Planting a story
Allotments
, Issue 1656

The housing secretary had given councils the "green light" to sell off allotments to raise cash and had so far personally approved the sale of eight allotments, said the paper.
Not surprisingly, readers were livid, describing Rayner's plan in the comments as "vile", full of "envy" and demonstrating her government's "hate for this country". What next, one reader asked: will you be labelled "a right-wing extremist for having a window box?"
Hot potato
Fury wasn't limited to the Torygraph. The Guardian followed up with a response from allotment-digger and former leader Jeremy Corbyn, who said: "Is this government going to put the nail in the coffin of the joy of digging ground for potatoes on a cold, wet February Sunday afternoon?"
Meanwhile, change.org reported that three petitions had sprung up to save our allotments in response to the news.
Swap shop
There was only one problem: the story was a classic Telegraph confection.
Green-fingered publication Horticulture Week's follow-up said it all: "No evidence for Angela Rayner allotments sell-off." According to the trade publication, the eight allotments mentioned had either been exchanged for better or bigger plots or were single plots that had fallen out of use.

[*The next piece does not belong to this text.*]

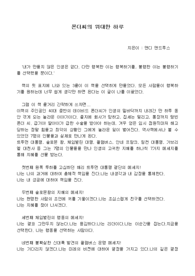 [독후감]6_폰더씨의 위대한 하루_앤디 앤드루스 지음
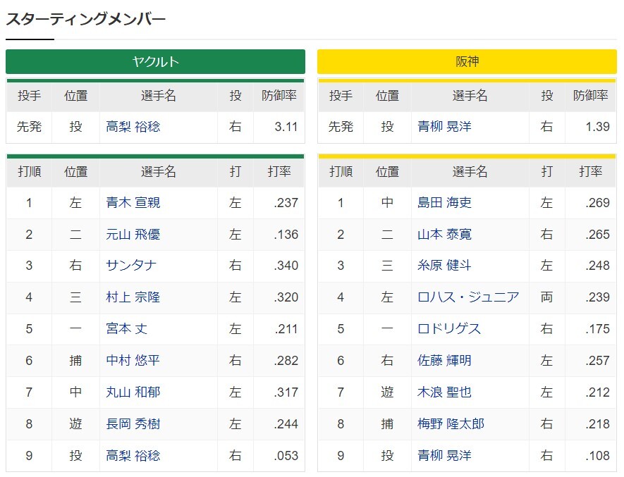 ヤクルトー阪神 スタメン 神宮球場 2022/8/16

The National Allotment Society's (NAS) legal adviser Tyler Harris told the publication Rayner had made no statement about councils selling off allotments. Cash-strapped councils might consider selling valuable allotment space to developers, but they would have to go through a statutory process first.
The NAS always objects to allotment sales unless there is mitigation, and the National Planning Casework Unit has accepted NAS objections in every case but one in the past seven years.
The government defended itself with a statement on the story: "Rules on sales of assets have been in place since 2016 and they have not changed, and ministerial approvals were lower in 2024 than the average for previous years."
Buried facts
To put it simply, Rayner has not declared war on allotments. But there's no sign of actual facts getting in the way of the perfect silly season story: more than a fortnight into "Rayner's war on allotments", on Monday the Daily Mail was reporting that the deputy PM "has been branded an 'arch-hypocrite' after she campaigned for allotments in her own constituency but sanctioned their sell-off elsewhere".